Ao horror dos campos de concentração nazis junta-se agora a vergonha escondida do que sucedeu depois, do lado dos "bondosos" Aliados. Liberta das mordaças ideológicas a História começa a emergir, como se o sangue enterrado alagasse agora os campos da consciência, emergindo da vala comum do esquecimento. Tal como quando se denunciaram os horrores do nazismo e do estalinismo muitos dirão que é mentira, outros que no tempo em que tudo sucedeu não havia outra alternativa. Ai dos vencidos!
«Between 1945 and 1950, Europe witnessed the largest episode of forced migration, and perhaps the single greatest movement of population, in human history. Between 12 million and 14 million German-speaking civilians—the overwhelming majority of whom were women, old people, and children under 16—were forcibly ejected from their places of birth in Czechoslovakia, Hungary, Romania, Yugoslavia, and what are today the western districts of Poland.»

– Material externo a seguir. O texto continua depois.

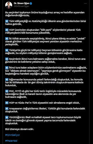 Öte yandan, Oğan'ın Twitter hesabı üzerinden yaptığı açıklamasının sonuna eklediği 'OAnGeliyor' ve 'Pazartesi' etiketleri, ATA İttifakı ve Sinan Oğan'ın, seçimin 2'nci turu için süren müzakerelerin sonucunda alınan kararı pazartesi günü açıklayacakları şeklinde yorumlandı.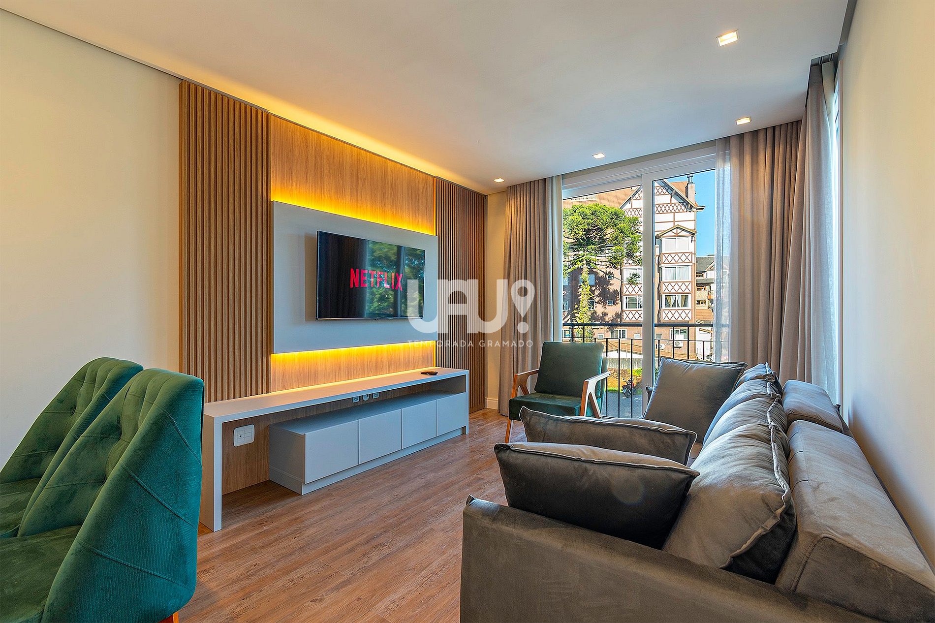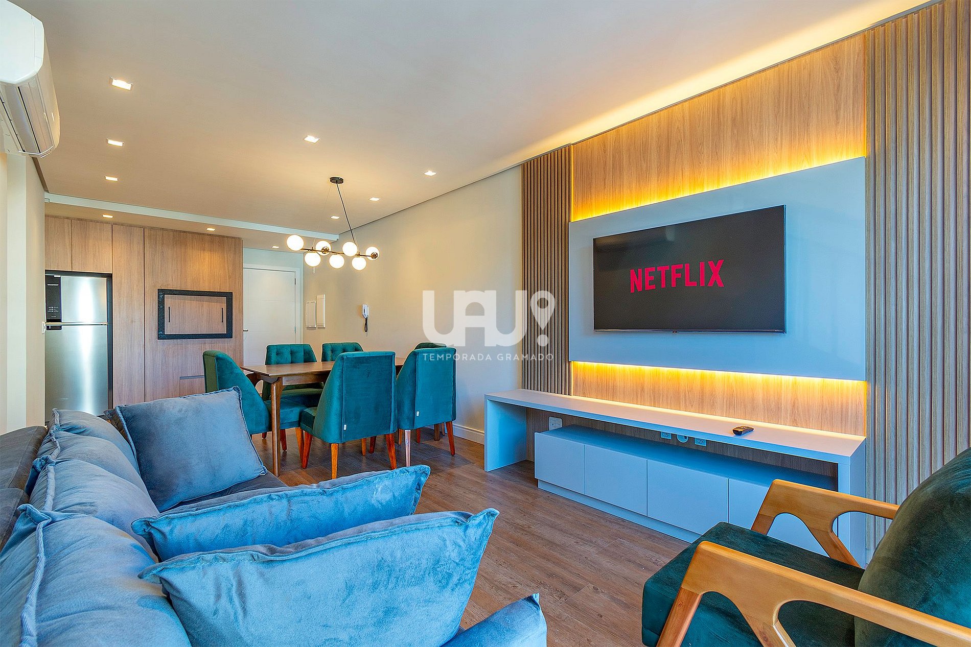 Living em 2 ambientes com jantar para 4 pessoas, confortável sofá cama, SmartTV 60' e split quente e frio;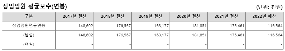 임원 평균연봉은 2021년도 기준 1억 7,546만원 입니다.

«Most disturbingly of all, tens of thousands perished as a result of ill treatment while being used as slave labor (or, in the Allies' cynical formulation, "reparations in kind") in a vast network of camps extending across central and southeastern Europe—many of which, like Auschwitz I and Theresienstadt, were former German concentration camps kept in operation for years after the war. As Sir John Colville, formerly Winston Churchill's private secretary, told his colleagues in the British Foreign Office in 1946, it was clear that "concentration camps and all they stand for did not come to an end with the defeat of Germany." Ironically, no more than 100 or so miles away from the camps being put to this new use, the surviving Nazi leaders were being tried by the Allies in the courtroom at Nuremberg on a bill of indictment that listed "deportation and other inhumane acts committed against any civilian population" under the heading of "crimes against humanity."».